Add support for printing SQL of SQLAlchemy query
sarimak opened this issue · comments
pgvector.sqlalchemy.Vector
doesn't provide a process_literal_param
method, so any SQLALchemy query containing literal values for such column will fail to be rendered to final SQL including the values when literal_binds
are enabled. Please implement the method.
Repro steps:
import sqlalchemy as sa
import sqlalchemy.dialects.postgresql
import pgvector.sqlalchemy as pgv
engine = sa.create_engine("postgresql+psycopg2://postgres:password@localhost:5432/neighbors-2")
conn = engine.connect()
table = sa.Table("foo", sa.MetaData(), sa.Column("col1", pgv.Vector(4)))
query = sa.select(table.c.col1).where((table.c.col1.max_inner_product([0.5, 0.5, 0.5, 0.5]) * -1) >= 0.1)
kwargs = {"literal_binds": True}
sql = str(query.compile(dialect=sqlalchemy.dialects.postgresql.dialect()), compile_kwargs=kwargs)
raises
sqlalchemy.exc.CompileError: No literal value renderer is available for literal value "[0.5, 0.5, 0.5, 0.5]" with datatype VECTOR(4)
(The query itself is OK which can be verified by using kwargs = {}
-- the compilation returns 'SELECT foo.col1 \nFROM foo \nWHERE (foo.col1 <#> %(col1_1)s) * %(param_1)s >= %(param_2)s'
)
Workaround:
import pgvector.utils
class Vector(pgv.Vector, sa.TypeDecorator):
impl = pgv.Vector
cache_ok = True
def process_literal_param(self, value, dialect):
return repr(pgvector.utils.to_db(value, self.dim))
and use this wrapper class in the table definition instead of the library-provided pgv.Vector
. The SQL rendering then works:
str(query.compile(dialect=sqlalchemy.dialects.postgresql.dialect(), compile_kwargs={"literal_binds": True}))
"SELECT foo.col1 \nFROM foo \nWHERE (foo.col1 <#> '[0.5,0.5,0.5,0.5]') * -1 >= 0.1"
Rationale: I wanted to have a test that makes sure the approximate similarity search is indeed using an index.
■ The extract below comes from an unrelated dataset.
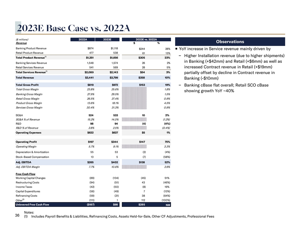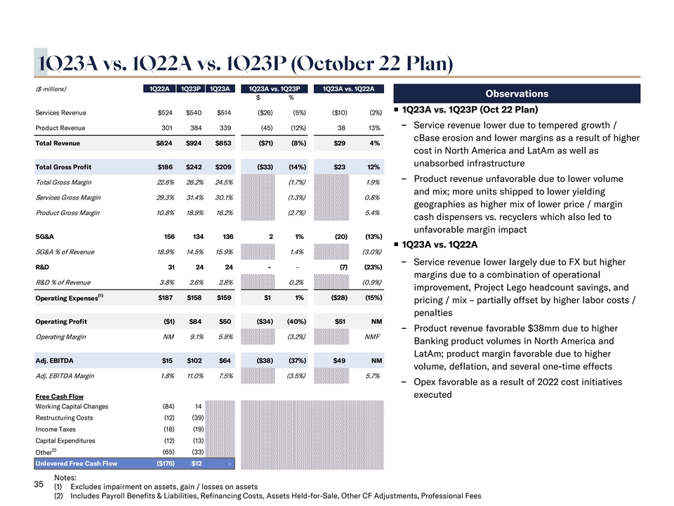 2023 Base Case vs. October 2022 Plan § 2023 Product revenue ~$6mm lower vs. October 2022 Plan − 62k ATM revenue units vs. 60k in October 2022 Plan (+2k units) (1) − 39k SCO revenue units vs. 38k in October 2022 Plan (+1k units) − 125k EPOS revenue units vs. 134k in October 2022 Plan (-9k units) § 2023 Services revenue ~$50mm lower vs. October 2022 Plan − Significant drivers include: Revenue • Banking cBase erosion in Europe of 5% vs. expected to remain flat in October 2022 Plan • Banking cBase in North America and LatAm growing low single digits in line with October 2022 Plan; APAC and MEA cBase low single digit erosion in line with October 2022 Plan • Retail Product Related Services (PRS) $10M unfavorable to October 2022 Plan due to flattish legacy Retail service (EPOS) § Key drivers of the ~$68mm lower 2023 Adj. EBITDA forecast include: − Lower Product margins of ~180bps ($29mm) mainly on banking side - significant portion attributable to unfavorable mix, including higher modeled shipments to LatAm Adjusted EBITDA − Lower Service margins of 50bps ($11mm) – mainly driven by underperformance in 1Q23 (130bps) as a result of higher costs and penalties incurred, 2H23 weighted savings, as well as unabsorbed infrastructure. Q2 - Q423 margin growth to partially offset 1Q23 miss Note: 34 (1) As compared to historical public filings, SCO Revenue Units has been revised to include the sale of kiosks, which are similar in price / function to SCO devices. This change is consistent with how management is analyzing the business. Excluding kiosks included in the October 2022 plan, 2023 SCO revenue units would be 35k.

So I needed to run EXPLAIN
over the search query, which needs plain SQL text of the SQLAlchemy query including the values for the prepared statement, so I can execute explain_query = sa.text(f"EXPLAIN {query}")
and assert for "Index Scan using foo" in "\n".join(row[0] for row in explain_query.fetchall())
.
I am aware that literal_binds
can't be used with untrusted inputs (SQL injection) -- but for tests with hard-coded/trusted inputs it is perfectly usable.
And given that it seems to be quite easy to stop using the approximate similarity index by seemingly innocent change of the SQLAlchemy query, I find such regression test valuable as a safety net for my colleagues/future self.
Hi @sarimak, thanks for the suggestion. Since it can't be used with untrusted input, I don't think it makes sense to include, but this issue should be helpful for users who want to add it manually.
Well, then for example Alembic's preview/SQL-only mode won't be able to leverage pgvector's syntax. The literal_binds
is an opt-in feature and it has legitimate use cases. But as you prefer -- I have this workaround, so my needs are already covered.